Data segment |
┌──

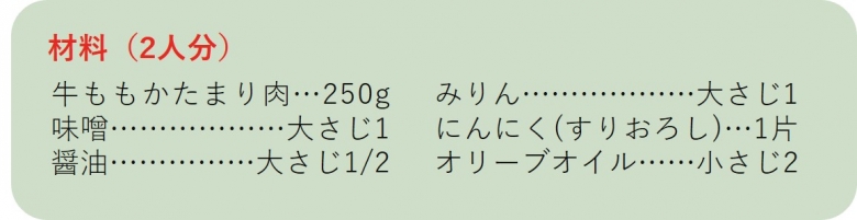 ポリ袋に味噌、醤油、みりん、すりおろしたにんにくを入れて混ぜ、粗熱のとれたの牛肉を入れて、よく揉み込む。そのまま冷蔵庫でひと晩漬け込む。
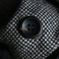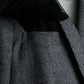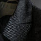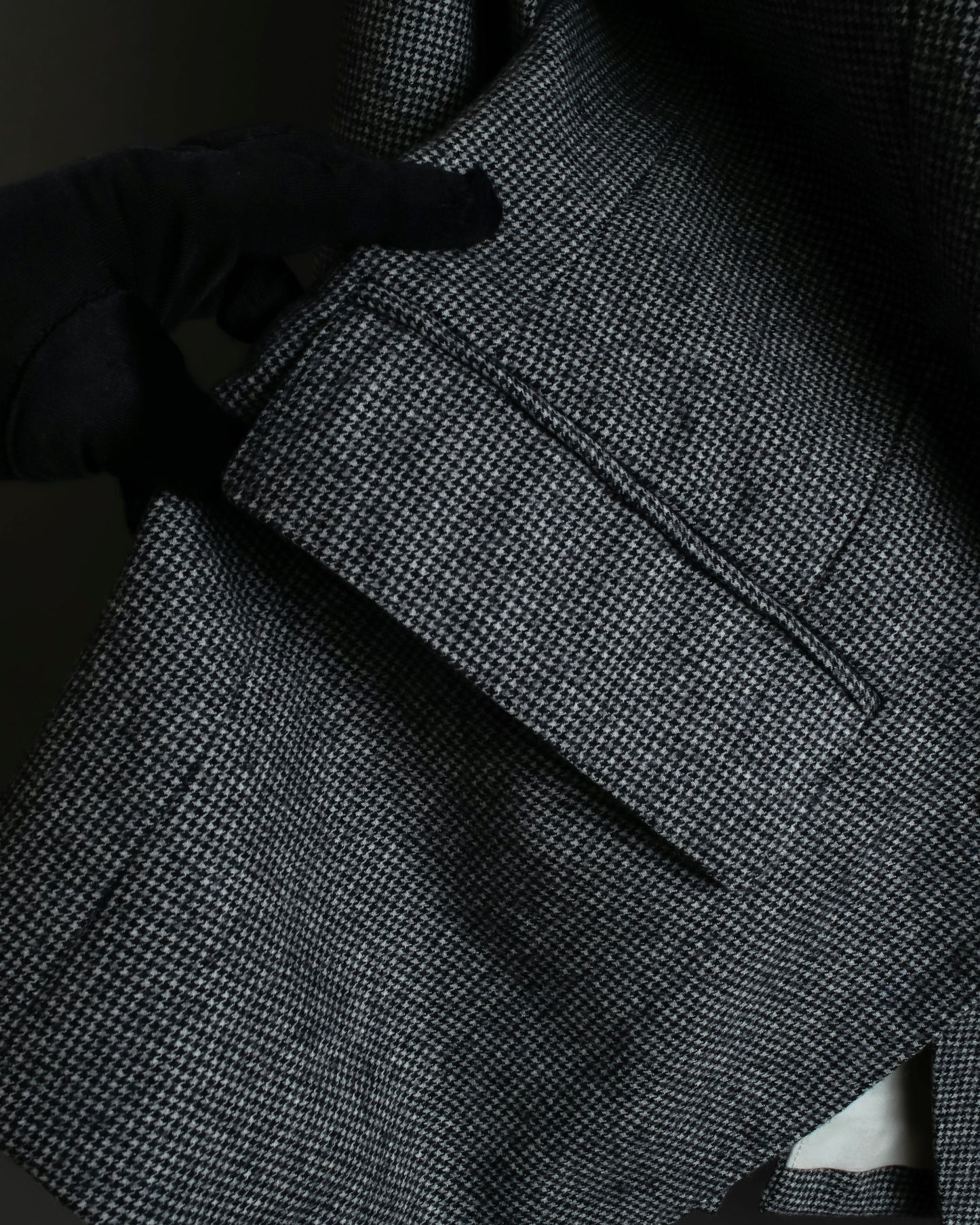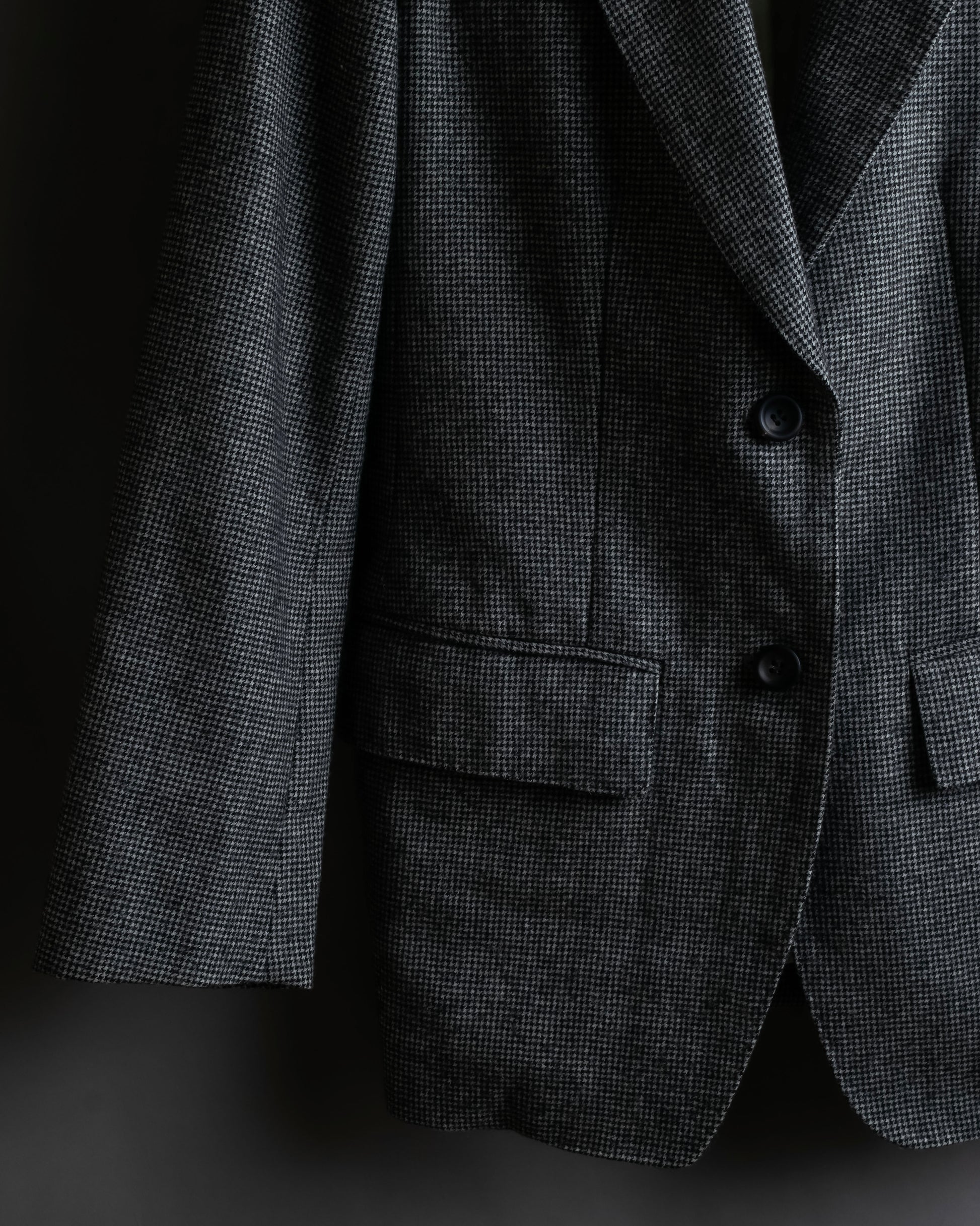 しっかりと芯の通ったテーラードシルエットは、ウエストにかけて程よく絞りが効いており、クラシカルなバランスを保ちながらも、肩から裾に向かって流れるような直線が凛とした空気感をまとわせています。また、フロントの2つボタンやフラップポケットといった伝統的な意匠が、装飾を抑えたミニマルな表情の中で程よいアクセントとなっており、ハウンドトゥース特有の視覚的リズムと相まって、知的な立ち姿をより印象的に映し出しますね。
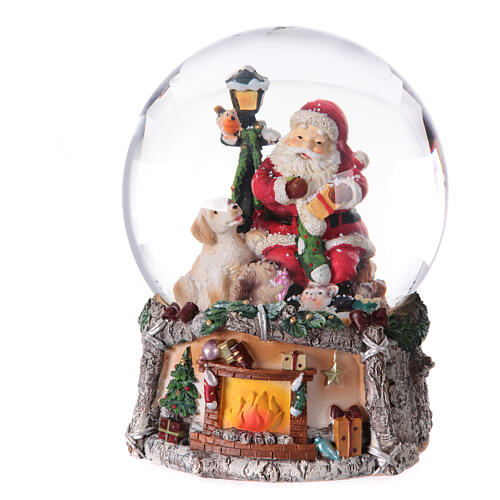 Schneekugel mit Spieluhr, Weihnachtsmann mit Tieren – H 20 cm, Ø 15,5 cm

└──

Task prompt |
Where pictures occur in the material above, omit them and return everything else exactly.

Response area |
 ポリ袋に味噌、醤油、みりん、すりおろしたにんにくを入れて混ぜ、粗熱のとれたの牛肉を入れて、よく揉み込む。そのまま冷蔵庫でひと晩漬け込む。
 しっかりと芯の通ったテーラードシルエットは、ウエストにかけて程よく絞りが効いており、クラシカルなバランスを保ちながらも、肩から裾に向かって流れるような直線が凛とした空気感をまとわせています。また、フロントの2つボタンやフラップポケットといった伝統的な意匠が、装飾を抑えたミニマルな表情の中で程よいアクセントとなっており、ハウンドトゥース特有の視覚的リズムと相まって、知的な立ち姿をより印象的に映し出しますね。
 Schneekugel mit Spieluhr, Weihnachtsmann mit Tieren – H 20 cm, Ø 15,5 cm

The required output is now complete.